While consumers have a hard time embracing $4 gas, investors concentrated in energy stocks are enjoying the boom times. But I've found investments from another sector that are beating the pants off petroleum stocks -- and I know where you can find out more about them.

Would the real hot stocks please come forward
The 5,700 stocks that the 105,000-member Motley Fool CAPS community has rated include descriptive "tags" that group them with other companies sharing similar qualities -- a country of origin, a sector, or an end product, for example. Clicking the Petroleum tag pulls up a list of 26 stocks that have gained an average of 32.2% in the past year.

But CAPS tags can lead you to stocks that have outpaced even the near-term returns from the petroleum group: Fertilizer. This group consists of 15 companies that have massively outperformed the returns of the broader market and petroleum group with an 81.5% average gain in the past year.

Each group has its share of winners and losers, of course, but CAPS can be a great resource for zeroing in on potential opportunities in each area.

From macro to micro
You can sort tag groups by their CAPS ratings, from one to a maximum five stars, and then see which players -- from Wall Street to Main Street -- are bullish or bearish on a company, and why.

For instance, here are a few of the stocks in the petroleum group:

Company

CAPS Rating (Out of 5)

1-Year Performance

ConocoPhillips

*****

22.4%

BP  (NYSE:BP)

****

7.6%

Chevron  (NYSE:CVX)

****

25.1%

Exxon Mobil

****

8.0%

Sources: Yahoo! Finance and Motley Fool CAPS, as of June 12.
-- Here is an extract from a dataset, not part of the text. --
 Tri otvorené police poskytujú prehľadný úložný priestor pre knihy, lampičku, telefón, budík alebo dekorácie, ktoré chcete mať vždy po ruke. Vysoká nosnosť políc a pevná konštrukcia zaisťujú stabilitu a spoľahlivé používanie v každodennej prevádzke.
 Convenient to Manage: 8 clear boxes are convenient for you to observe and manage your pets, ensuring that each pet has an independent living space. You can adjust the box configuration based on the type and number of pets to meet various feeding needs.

Now, based on the interest in the CAPS community, here's a sampling of fertilizer stocks that investors may want to consider.

Company

CAPS Rating

1-Year Performance

Shengdatech  (NASDAQ:SDTH)

*****

67.6%

Terra Industries (NYSE:TRA)

*****

148.0%

CF Industries Holdings (NYSE:CF)

****

201.8%

Potash (NYSE:POT)

****

204.8%

Sources: Yahoo! Finance and Motley Fool CAPS, as of June 12.

One person's trash is another one's treasure
Investors would be hard pressed to find a better time for the fertilizer industry. Soil nutrients such as potash, phosphate, and nitrogen are experiencing a cycle of record demand as increasing wealth in developing nations has more people buying meat, which in turn drives demand for crops providing animal feed.
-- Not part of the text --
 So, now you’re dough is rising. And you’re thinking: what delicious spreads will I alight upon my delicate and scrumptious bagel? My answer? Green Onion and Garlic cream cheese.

The fundamentals of many fertilizer companies make this obvious: CF Industries said first-quarter net earnings nearly tripled and sales increased by more than 40%. Chairman Stephen Wilson noted that "the U.S. entered the spring season with low grain inventories and strong demand for corn, soybeans, and wheat," a situation that is expected to keep crop prices at record highs. 

High oil prices and increased investment in biofuels have also contributed to pushing fertilizer and agriculture stocks higher. And the driving forces aren't just confined to soil additives -- demand for agriculture commodities is seeding growth across supporting sectors, too. For proof, just look to the surge in demand for agriculture equipment from companies such as Deere (NYSE:DE) and Caterpillar.

But the largest strain of demand seems to fall squarely on fertilizer companies. For instance, to keep up with the demand from farmers for increased corn plantings, Terra is upgrading one of its Oklahoma facilities to increase its production capacity of urea ammonium nitrate from 300,000 to 825,000 tons annually. With market pricing demanding more efficient crop yields, Potash and Terra are two of the top 10 best-performing stocks since the last recession in 2001.

Before you buy ...
Of course, what's happened in the past is no indicator of where investors should be putting their capital now. But the 105,000-plus members of the Motley Fool CAPS community help narrow down the underlying reasons behind dramatic run-ups in stocks or groups of stocks and can clarify trends that may significantly affect investments. Just make sure to do your own due diligence rather than simply follow crowds or individual recommendations.